(Beginning of Records provided)
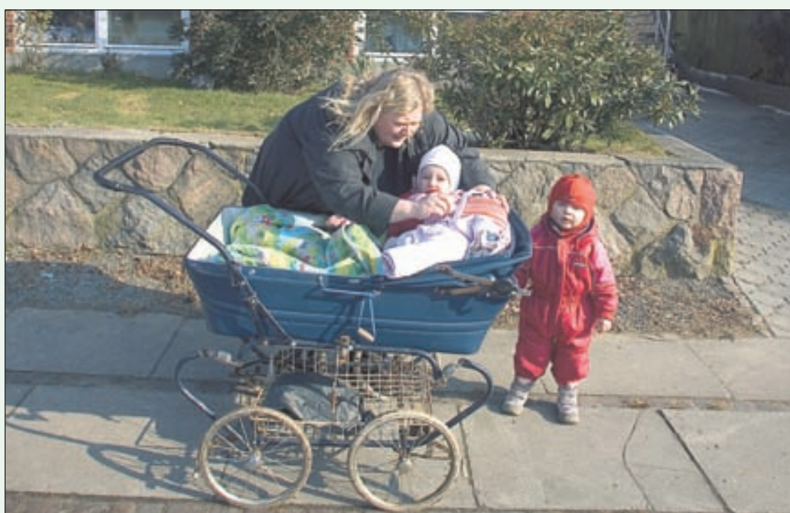
I Danmark er der pasningsgaranti til børn mellem seks måneder og frem til skolealderen. Her er en dansk dagplejemor i aktion.

• Institutionerne holder som regel åbent kl. 6.30-17.00, om fredagen til klokken 16. Der
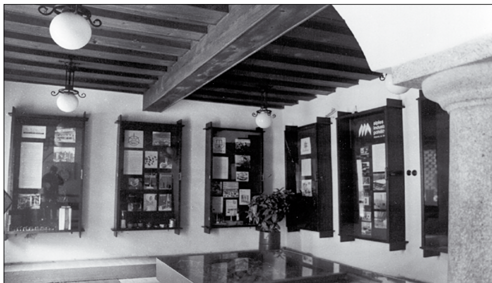
Vstopna soba muzeja ob otvoritvi. Vitrine delovnih organizacij iz Železnikov - pokroviteljev muzeja: Niko, Iskra, Tehnica, Čevljarna Ratitovec, Alpes. Spodaj viden tudi relief Selške doline.
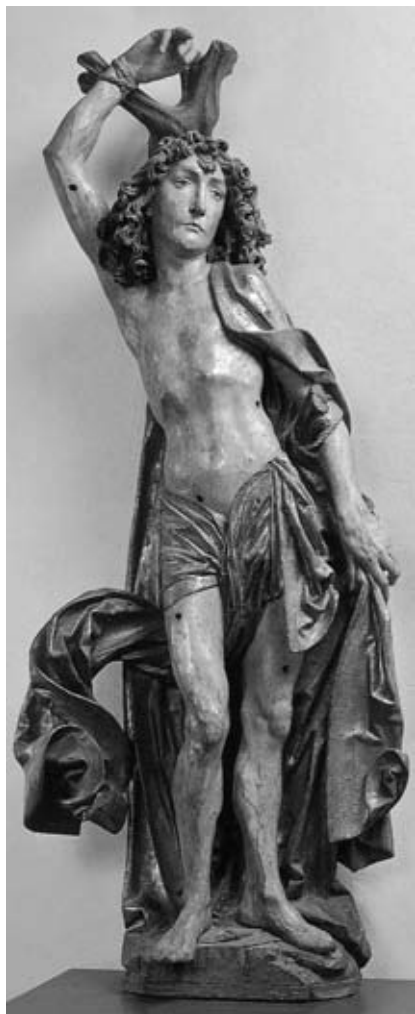
7. Tilman Riemenschneider, Sv. Sebastijan, Bayerisches Nationalmuseum München, 1490
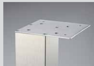
Anschraubplatte 140 x 140 mm
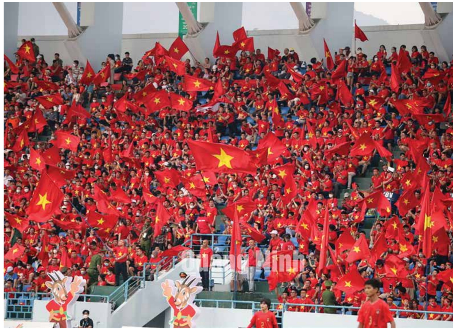
CDV Đất mở góp phần làm nên thành công của SEA Games 31 tại Quảng Ninh.
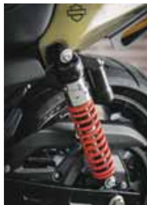
La seguridad es principal, de serie cuenta con frenos de doble disco, dos zapatas y el sistema de reconocimiento sin llave para encenderla.
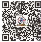
原住民族教育發展處
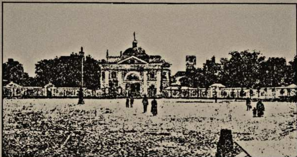
Петрогр. Александрo-Невская лавра.
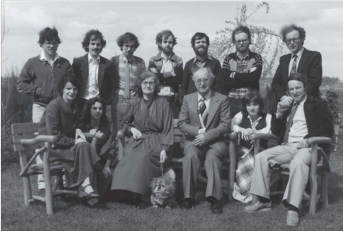
Ons ouderlijk gezin in 1979 op de dag dat onze pa en ons moeder 35 jaar getrouwd waren. Tussen mijn ouders in ons hondje Plukkie.

later werd die Molenhut genoemd, dat is tot op de dag van vandaag zo gebleven.
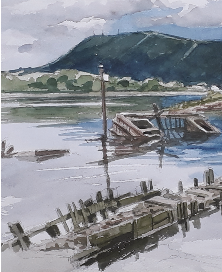
Ilustración: Xabier Mendarte

Imparte: Xabier Mendarte Lugar: Ekoetxea Txingudi Día: 24 de octubre Hora: 10:00-13:00 Idioma: castellano Actividad gratuita Inscripción necesaria: txingudi@euskadi.eus / 943 619 389
(End of Records provided)
Considering the records above, state how many lines contain the word "Xabier", with nothing else in your reply.

● Your solution
2